BEGIN Source data

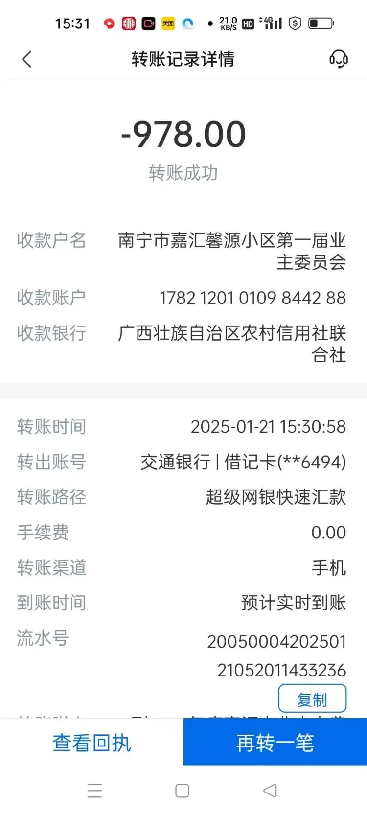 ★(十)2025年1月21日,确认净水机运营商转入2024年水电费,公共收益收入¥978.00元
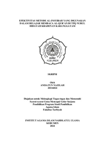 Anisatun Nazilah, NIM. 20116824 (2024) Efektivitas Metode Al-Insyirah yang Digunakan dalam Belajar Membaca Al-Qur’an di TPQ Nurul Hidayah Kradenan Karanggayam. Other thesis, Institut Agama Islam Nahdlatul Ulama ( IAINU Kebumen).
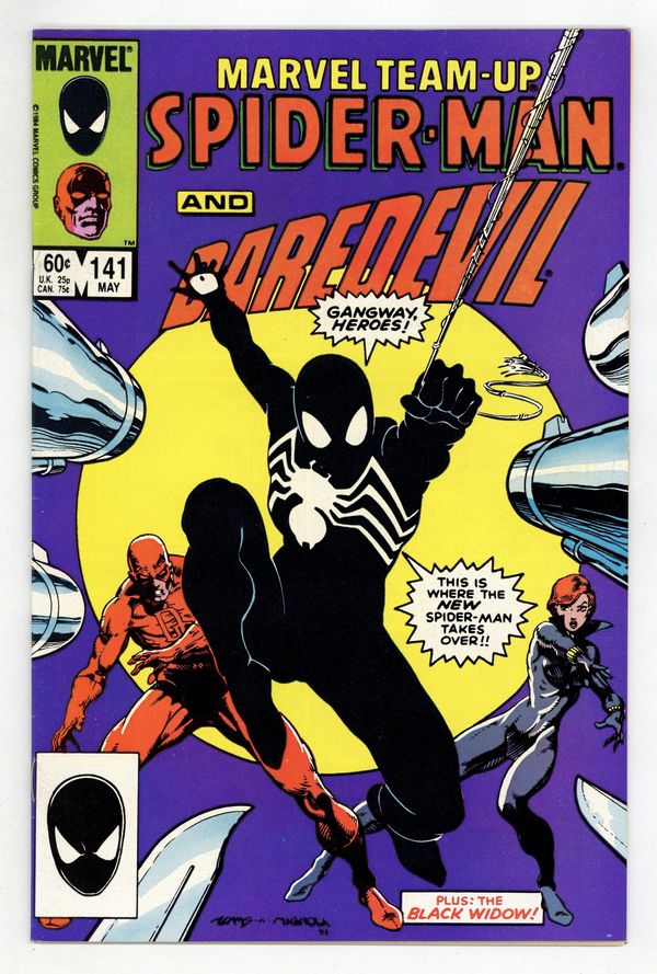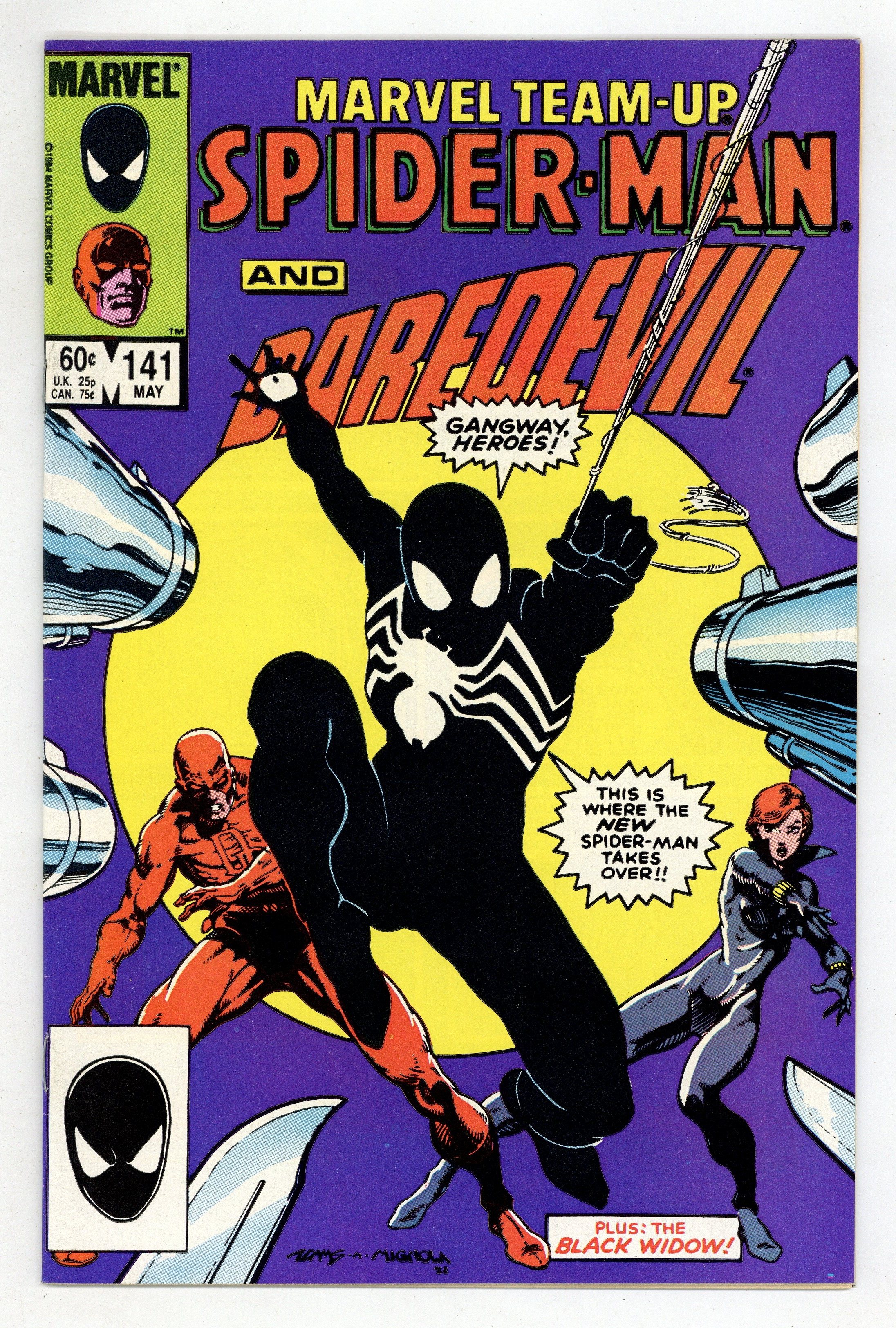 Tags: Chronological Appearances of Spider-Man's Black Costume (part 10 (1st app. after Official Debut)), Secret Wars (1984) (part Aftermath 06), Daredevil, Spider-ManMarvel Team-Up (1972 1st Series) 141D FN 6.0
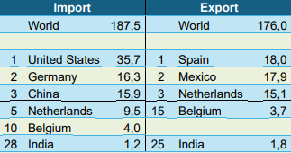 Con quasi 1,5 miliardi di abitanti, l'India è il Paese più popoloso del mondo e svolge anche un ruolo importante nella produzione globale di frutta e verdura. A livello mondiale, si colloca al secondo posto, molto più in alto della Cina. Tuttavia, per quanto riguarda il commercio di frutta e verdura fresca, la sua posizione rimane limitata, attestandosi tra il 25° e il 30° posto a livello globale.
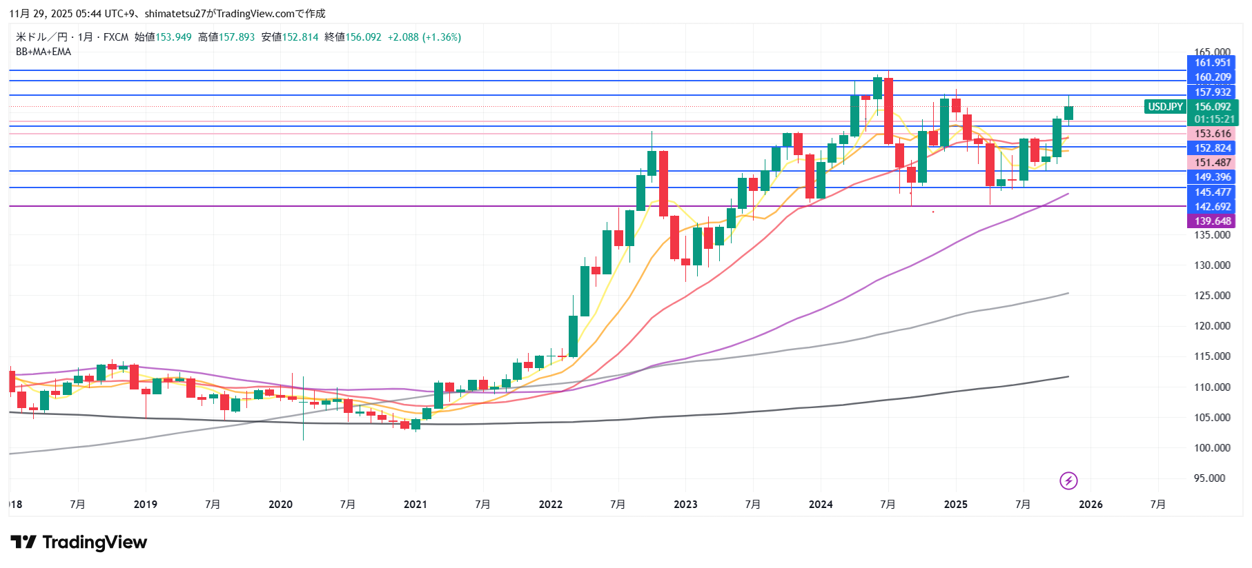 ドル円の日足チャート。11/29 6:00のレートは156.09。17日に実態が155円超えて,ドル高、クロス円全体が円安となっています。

END Source data

Instructions for the task — When you reproduce the entries above, keep every word exactly and leave out each picture.

Solution to this exercise —
 ★(十)2025年1月21日,确认净水机运营商转入2024年水电费,公共收益收入¥978.00元
 Anisatun Nazilah, NIM. 20116824 (2024) Efektivitas Metode Al-Insyirah yang Digunakan dalam Belajar Membaca Al-Qur’an di TPQ Nurul Hidayah Kradenan Karanggayam. Other thesis, Institut Agama Islam Nahdlatul Ulama ( IAINU Kebumen).
 Tags: Chronological Appearances of Spider-Man's Black Costume (part 10 (1st app. after Official Debut)), Secret Wars (1984) (part Aftermath 06), Daredevil, Spider-ManMarvel Team-Up (1972 1st Series) 141D FN 6.0
 Con quasi 1,5 miliardi di abitanti, l'India è il Paese più popoloso del mondo e svolge anche un ruolo importante nella produzione globale di frutta e verdura. A livello mondiale, si colloca al secondo posto, molto più in alto della Cina. Tuttavia, per quanto riguarda il commercio di frutta e verdura fresca, la sua posizione rimane limitata, attestandosi tra il 25° e il 30° posto a livello globale.
 ドル円の日足チャート。11/29 6:00のレートは156.09。17日に実態が155円超えて,ドル高、クロス円全体が円安となっています。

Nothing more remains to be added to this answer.